Hospital

Why Hackers Love Hospitals

First, a clarification. No, I’m not talking about the place where you go to get medical attention. In tech terms, a hospital is a public Wi-Fi network. We all know and love them because they are time-efficient and keep you active at all times.

You might want to check your email or make a last-hour transaction from your home-banking account, and the closest Wi-Fi connection seems like the fastest way to do that.

However, hackers love these places just as much, if not more than you do. This is because a public Wi-Fi is unencrypted, lacking in the most basic security measures. Anyone can connect to it, and with enough know-how in IT, you can invade other people’s devices and steal their information.

Hackers do that for a living, and the public Wi-Fi network is a honey pot for them. For example, the Norton Cybersecurity Insights Report that around 594 people all over the world were the victims of cybercrime, with 21% of Americans having their emails hacked.

And most of these things happened on a public Wi-Fi. It’s safe to say that these places are extremely risky, and you should avoid them like the death plague.

Let’s look over the most used attack patterns in this case:

  • The MITM or the Man-in-the-Middle attack. This is basically someone interfering with the traffic between a user and the public Wi-Fi network. He manages to intercept the data packets before they reach their destination and since there is no encryption in place, he can easily get access to your personal information. Passwords, financial data, account logins, details about browsing activities, purchase transactions

The hacker will generally choose to display a fake version of the site you’re trying to access, but your private data and credentials will be automatically retained if you go along with it.

Most importantly, absolutely anyone using a public Wi-Fi network is vulnerable to this kind of attack. In order to decrease the risk of falling prey to a MITM attack, pay attention to any warning notifications about the website you’re currently on. Ideally, visit only sites encrypted with the HTTPS address (S stands for secure).

  • A fake Wi-Fi connection or the rogue spot. This is the bigger, meaner sibling of the MITM attack. Specialists have dubbed it the “Evil Twin”. Essentially, a hacker sets up a fake access point which they intentionally name the same as a public Wi-Fi network. This can be done from any device, a smartphone, laptop, you name it.

As with the MITM attack, any data transmitted after connecting to the fake Wi-Fi network will be intercepted and tracked by the hacker. To avoid this risk, pay attention to similarly-named network connections, and if you have the slightest suspicion there might be hackers prowling about, alert any staff member close-by.

These are the main types of cyber-attacks used by hackers to weaponize any public Wi-Fi network.
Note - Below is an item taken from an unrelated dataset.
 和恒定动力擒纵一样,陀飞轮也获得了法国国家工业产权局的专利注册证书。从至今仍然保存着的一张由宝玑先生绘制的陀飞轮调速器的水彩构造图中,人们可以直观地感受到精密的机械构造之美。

There are some things that you can do to decrease the risks, but there’s only one way to completely avoid all issues – don’t ever use a public Wi-Fi network.
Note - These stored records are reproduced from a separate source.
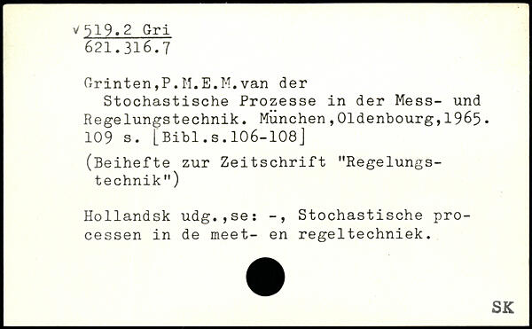 Orinten, P.M.E.M.van der Stochastische Prozesse in der Mess- und Regelungstechnik.
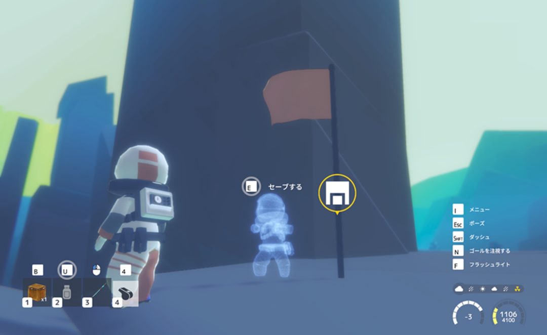 『南極計画』を触ってまず印象的だったのは、ローポリ寄りの見た目から受ける柔らかな印象に対して、ゲームプレイはかなり容赦がないことだ。氷壁に囲まれた閉塞感のある風景は美しく、臨場感のある音で南極らしい孤独が演出されている。しかし、景色に見とれている余裕はあまりない。歩くだけでバックパックの燃料はぐんぐん減っていき、回復アイテムを使おうとする間も時間は止まらない。プレイ中は常にじわじわと追い立てられるような焦りがつきまとう。
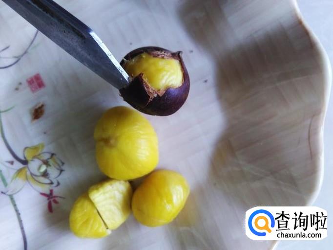 或者用小刀也可以,先用刀尖在板栗缝撬开,然后很容易就能撕出那层皮了,而且这样去皮的板栗色泽还非常鲜艳。

There are too many uncertainties and the security there is exceedingly weak, so even if you do take the appropriate measures, hackers are inventive and possess a wide array of tools to make your life a living hell.
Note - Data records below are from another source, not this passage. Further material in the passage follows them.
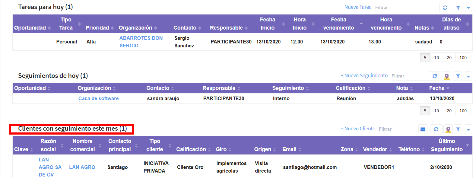 Ejemplo: Si deseamos mover la pestaña de “Clientes con seguimiento este mes” a la parte de arriba, sobre la pestaña “Tareas para hoy” damos clic en el título de la vista marcado con el recuadro rojo y lo arrastramos a la parte de arriba .
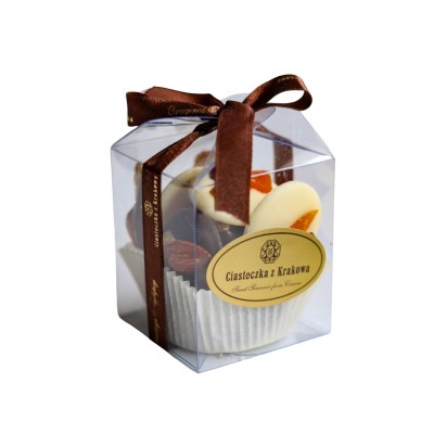 Krążki z białej i deserowej masy czekoladopodobnej, udekorowane bakaliami: żurawiną, orzeszkami arachidowymi, rodzynkami i suszonymi morelami. Zapakowane w małe, przezroczyste pudełko przewiązane wstążką, stanowią idealny wybór na prezent lub jako elegancki dodatek do kawy. Słodka kompozycja, która zachwyci smakiem i wyglądem!
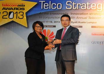 Dian Siswarini (kiri) menerima penghargaan dari TelecomAsia (DOK XL)

The only real measure you could take that would essentially nullify the dangers is using a Virtual Private Network, a VPN.

VPN – the ultimate cyber-shield

In short, a VPN establishes an encrypted tunneling protocol that protects your traffic entirely. From the moment the data packets leave the device source, they go straight to the destination by using a secure tunnel created by the VPN.

All your personal data and confidential information are kept safe at all time through the many security and encryption layers put in place.

What’s more, most VPNs will have special features that will allow you to use public Wi-Fi networks without worrying about any hackers butting in. Basically, whenever you connect to one such network, the VPN will automatically recognize it and enclose your data packets in added security layers.

The result – impregnable encryption and safe public Wi-Fi networks.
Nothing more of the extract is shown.